Valentine’s Day in Minneapolis: What Not to Do

Valentine’s Day in Minneapolis: What Not to Do


Go splitsies on a two-for-one at Liquor Lyle’s during happy hour, get all pouty when your S.O. won’t share their half of it with you, insist it means they “don’t love you anymore.”

Take your S.O. to Galactic Pizza, and when she tries to order, stand on the chair and scream “WE’RE HAVING THE PAUL BUNYAN OR I’M GOING TO STAB YOUR DOG” and then punch her in the face.

Tell your S.O. that her Valentine’s Day present is your “hot bod,” and then put your hands behind your head and shake your genitals in her face.

Treat your S.O. to a reminder of how nice it’s been here lately by pouncing with both feet into a puddle at the corner of Hennepin and Franklin, splashing her with the “refreshing street waters of the spring time, honey.”

Hide a box of Franzia in a snow bank near your home, leaving only the spigot exposed.

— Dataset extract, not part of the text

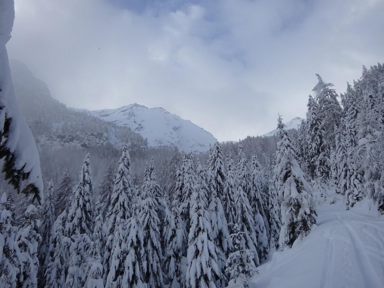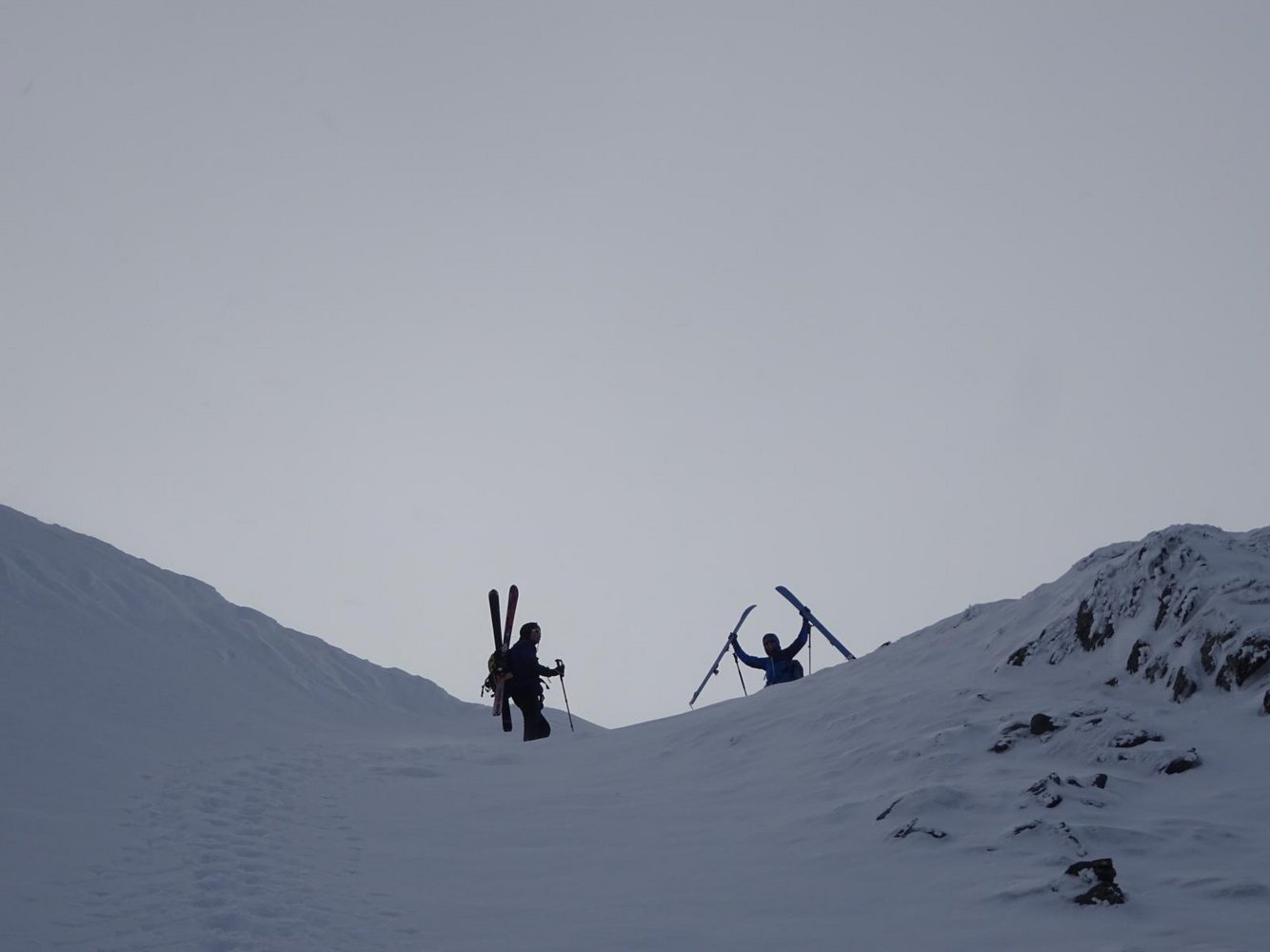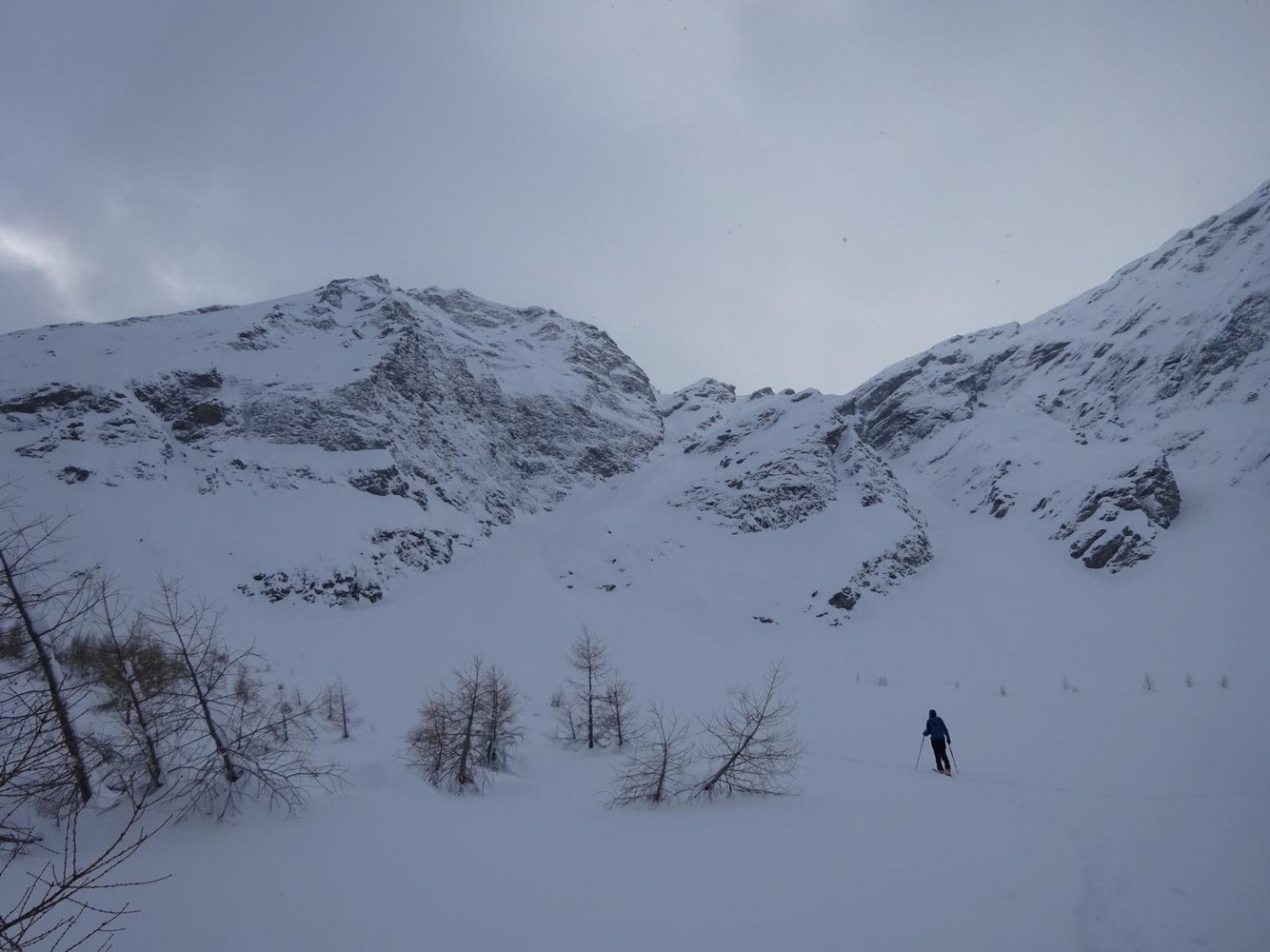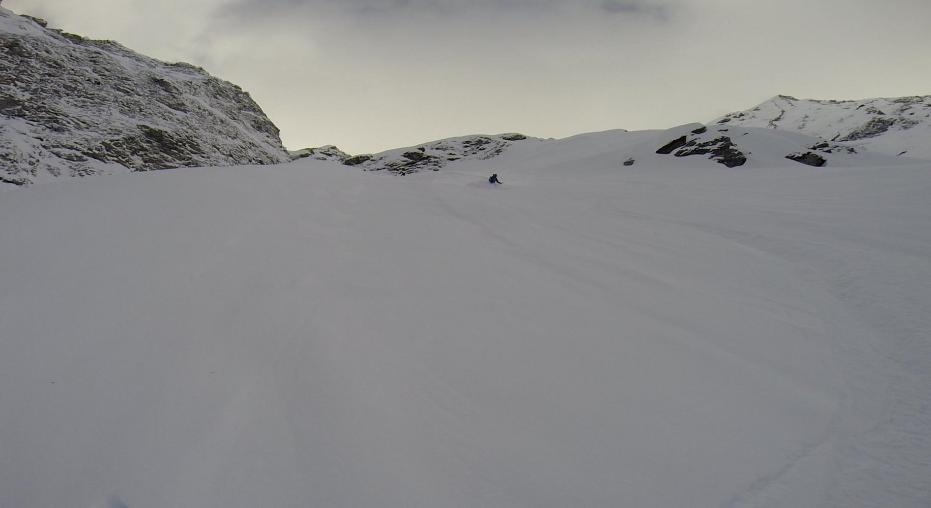 Die Skitour über die mittlere Rinne in die Scharte zwischen Wandspitze und Reitereck wird, zu unrecht, nur sehr selten begangen. Nach der Forststraße, taucht man in ein alpines Ambiente ein, das durch den dunklen Fels, der die Rinne umgibt, mystisch anmutet. Die etwa 600 Höhenmeter lange Rinne wird nach oben hin enger und hat oben um die 37 Grad. Je nach Verhältnissen kann man auch die etwas rechts gelegene Rinne fahren. Sollte die Rinne wegen Lawinen aus der Wand schlechten Schnee haben, kann man sehr gut auf den rechts begrenzenden Rücken fahren oder als Alternative die benachbarte Seemannwand ansteuern.

Surprise your S.O. on your walk to McDonald’s by taking her out at the knees near the hidden box and releasing a shower of red wine on her head.

Tell your S.O. to go ahead and order the Attila the Hun at Sporty’s on 22nd and Como because “Whatever, you’ve already let yourself go.”

Text your S.O.: “OMFG FIRST AVE HAS PIZZA ROLLS NOW. FUCK YOU AND V-DAY IMMA EAT SOME ROLLZZZZZZ.”

Surprise your S.O. at her work at Target HQ/Best Buy in Roseville/D’Amico’s in Edina with a boom box over your head blaring Jeffrey Osborne’s “On the Wings of Love” and a gift certificate to get a “Hoda from the Today Show Makeover” because you think her cougar-with-an-ambiguous-nationality look is super hot.

Play a fun practical joke on your S.O. for Valentine’s Day by re-parking her car on the even side of the road until it gets towed. Then earn some boyfriend points by offering to go get it for her, but take her credit card to pay for it.

Katie Sisneros will be having a hell of a time at the Kitty Cat Klub for Valentine’s Day.